There’s a lot of things wrong in our country. We legalize the murder of innocent children; we condone sexual immorality; we are power hungry; we lie, and we still think it’s okay to judge others by the color of their skin or ethnic background.
Granted, not every American is like that, but there’s no denying that those problems exist.
And we all have the same question: Why is it this way? Why is my country this way?
I’m afraid that the church can often point the finger at society and non-Christians for the problems. There’s a picture that makes annual rounds on Facebook that asks basically the same question, and it responds to it by saying “We need prayer in schools. We need God back in America. We need Christian leaders in government,” and so on and so forth.
But how do we get prayer back in schools? How do we get God back in America? Is that even possible? And do we really need Christian leaders in government?
You see, a few decades ago, the Moral Majority movement attempted to give Christians power in government to pass “Christian” laws, based on biblical ethics. This was, in so many eyes, a fantastic movement that would bring a great revival in our country. The “religious right” became a powerful political influence, and while leaders of that movement and other Christians continued to personally share the gospel, the overarching belief seemed to be that this movement would be the movement that brought about a great spiritual revival.

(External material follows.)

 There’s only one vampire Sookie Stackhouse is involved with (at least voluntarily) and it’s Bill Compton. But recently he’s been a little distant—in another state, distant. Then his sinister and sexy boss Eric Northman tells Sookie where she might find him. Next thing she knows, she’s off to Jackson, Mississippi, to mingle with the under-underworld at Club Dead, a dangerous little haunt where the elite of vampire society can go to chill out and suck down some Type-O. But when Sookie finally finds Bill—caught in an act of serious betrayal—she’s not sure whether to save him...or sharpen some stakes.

Unfortunately, the moral majority is gone, and our country is worse now than ever before.
Why? Because you cannot legislate the human heart. Because the government cannot make disciples.

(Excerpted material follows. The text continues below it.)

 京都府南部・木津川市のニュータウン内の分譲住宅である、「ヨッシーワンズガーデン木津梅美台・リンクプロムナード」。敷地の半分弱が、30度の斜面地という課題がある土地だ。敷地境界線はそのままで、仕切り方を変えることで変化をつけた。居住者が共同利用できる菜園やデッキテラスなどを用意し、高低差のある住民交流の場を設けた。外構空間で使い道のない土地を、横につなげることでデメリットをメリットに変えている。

I believe our country is the way it is because of sin. And I believe sin has a foothold in our country because the church has failed to make disciples the way God has called us to. We have gotten so caught up in the next election that we have failed to carry out our God-given mandate. We have thought that the government should “allow” prayer and “allow” God to work in our country, failing to remember that God Himself indwells each and every believer, and thus, we are divinely equipped to make a difference regardless of what the government is doing.
Don’t get me wrong….I will vote in November, and as both a concerned citizen and a journalist, I keep up with politics and care, probably more than the average person. However, to put all of our hope in what a politician can do, rather than it what the Lord Jesus can do, is foolish.
I care about this country. I care about its future. I care enough to vote for leaders whom I feel will make our country better than it is now. But there’s a difference in wanting good, wise leadership to make some temporary changes and thinking that a politician, a sinner like the rest of us, will “fix” everything wrong in our country.
There is one man who can and will fix what’s wrong with this world. But He is not an American citizen, and He will not be on your ballot November 8. I hope our next president does a great job. But if he or she doesn’t, fine. know that one day, the King of Kings will put everything right. And I know that the church’s role, and my role, regardless of what happens in a few months, will be the same as it has been for 2,000 years: make disciples.
In 1 Peter 4:17, Peter tells the church that it is time for judgment. You can imagine the church is excited, thinking that those pagans are going to get it. But, surprise, Peter says that judgment will “start at the house of God.”
When God judges our nation, He will judge the Christian church first. And we will be judged for thinking that our government can do our job for us. We will be judged for all the times we have thought that if only Washington would fix this place, if only Washington would outlaw this and outlaw that. We will be judged for seeking to change laws instead of preaching the gospel to change hearts.
We must speak out about what God’s Word says to our culture. We must be loud and clear about what is right and wrong. But we must also remember that the gospel, not the law, changes hearts. People whose hearts are not committed to the Lordship of Christ and haven’t been changed by His grace will not live holy lives. They may be religious, but they won’t be saved. They’ll still go to hell, they’ll just look cleaner on the way.
The church must make making disciples its primary goal. Each Christian must make making disciples his or her primary goal. We must get back to preaching the good news that someone has died for us and can save us when we cannot save ourselves. We must preach Christ as Lord, and call people to trust Him and repent.
Another note needs to be made here: It’s very easy for my generation (age 18-35) to criticize the previous generation for things like the moral majority. And while we may not be wrong in pointing the finger, the whole point of what I’ve just written is for everyone to point the finger at themselves and think about whether or not disciple-making is really top priority.
If the previous generation’s biggest crime is seeking revival through the moral majority and “Christian” government, all while forgetting to preach the gospel and focus on the human heart, my generation’s biggest crime is wasting time blaming the previous generation.
If I blame my grandparents’ generation for not making disciples, does that help make disciples? Obviously not. There’s a time for figuring out where we went wrong. But when we do that, it’s time to start going the other way. I just moved to a new area, so that makes a lot of literal sense for me. I have found where I have gone wrong on many different roads. But I’m learning to go the right way now, and not wind up lost…again. But if we keep focusing on the wrong way, we don’t ever go the right way.
Bottom line: We know what we need to do. We’ve known for 2,000 years. God isn’t updating the handbook.
So let’s make disciples. Meet people. Share life with them. Tell them about Jesus. Teach them to tell people about Jesus. And keep making disciples.
Lord, may we make disciples. May we not forget that your commands are not complicated and you have given us the Spirit. May we be who you have called us to be.